W_ was a gift for me for graduating from veterinary school. Named after a favorite instructor and rugby team captain from vet school, he was my one and constant companion at that time, riding on all farm calls, all fishing trips and of course all hunting trips. By one year of age we had killed 186 birds over him and trained almost daily. He fetched when he wanted to, worked upland and water fowl. His nickname by the locals was “Hoover”, because he vacuumed up all of the birds in the field. In ten years NO ONE ever killed a bird behind him, ever. In his last three years of grouse-hunting here in the north woods we kept a log. We averaged killing one out of eight birds flushed and one out of three shot at, and in three years we killed 476 ruffed grouse over him, including a limit with my wife the morning before my son T_ was born. Doing the math, that dog and Doc worked over 3,800 birds in three years!
I killed him
I betrayed him and his trust in me by killing him in our own house. He sat right there looking me in the eye as I gave him the lethal injection. He died emotionlessly in my arms, never fighting it or questioning his trust in me. His transgression was biting my son, and to this day I do not know whose fault it was as I did not see it happen. My memory says my wife said the dog leaves the house or her and the kids do. In the moment I felt as though I had only one choice. In retrospect, I had other options. I have seen his ghost hunting with me on some of his favorite trails and now EVERY time I euthanise a dog I have to look W_ in the eye as I do it. Hell, I KILLED my best friend! Ted Nugent’s Fred Bear song reminds me of W_, and I cry helplessly every time I hear it. Fester, my current buddy, was named in W_’s memory by my wife….His pedigree name is Drjac’s Fred Bear O’Dee. in the hope that W_ will walk the trails again with me, despite what I did to him.
Next was Morticia, my wife’s finished field bitch. She had an infraspinatus contracture that needed surgical correction. I offered my wife the option to have the vet school do it or me, and she mistakenly chose me. Several days post op, after a long battle and a trip to the vet school where they said we don’t know what is wrong but she is going to die, they were correct. I believe she had an anaerobic bacterial infection that was either triggered by surgery or post op antibiotics, or was coincidental. The world will never know, but I will always blame myself and harbor the sight of my wife sleeping with her dead dog overnight in the basement, and there was fuck all I could do to change a thing.

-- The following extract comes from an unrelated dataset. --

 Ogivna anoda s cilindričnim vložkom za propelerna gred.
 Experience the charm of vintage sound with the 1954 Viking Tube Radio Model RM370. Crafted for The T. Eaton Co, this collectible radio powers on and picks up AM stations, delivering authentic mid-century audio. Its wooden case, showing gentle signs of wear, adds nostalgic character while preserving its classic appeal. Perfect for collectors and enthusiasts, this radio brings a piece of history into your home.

The last example I will use is Sassy. Sassy was a bear hound that should never have made it out of the woods: multiple fractured ribs, punctured, collapsed and lacerated lung lobes, lacerated kidney, lacerated liver, ruptured spleen, diaphragmatic hernia, and perforated bowel. No whole blood to give for transfusions as it was three days away and the cost was prohibitive. My trauma team (ME and my wife) worked on her for three weeks, day and night, and finally lost.
Please save her!
She was owned by a doe-eyed 12-year-old girl, who said, “Please save her!” So we tried. The first week she was with us the only way we could get her to eat or interact was to have my 7-year-old doe-eyed daughter crawl in the cage with Sassy several times a day and hand feed her. By the second week I had two little girls begging me to save this dog. The end of the third week she threw a pulmonary embolism and died. I can only believe if I had done a better job, or had better skills and equipment, I could have saved that dog for those little girls.
Again the list could go on and on, after 20-plus years.
I drink to stop the spin and out-of-control guilt and pain
I take no pride or pleasure from my wins and only guilt and blame from my losses. This is at least one pattern I need help to break, please. I drink to stop the spin and out-of-control guilt and pain, only to have it return in the morning.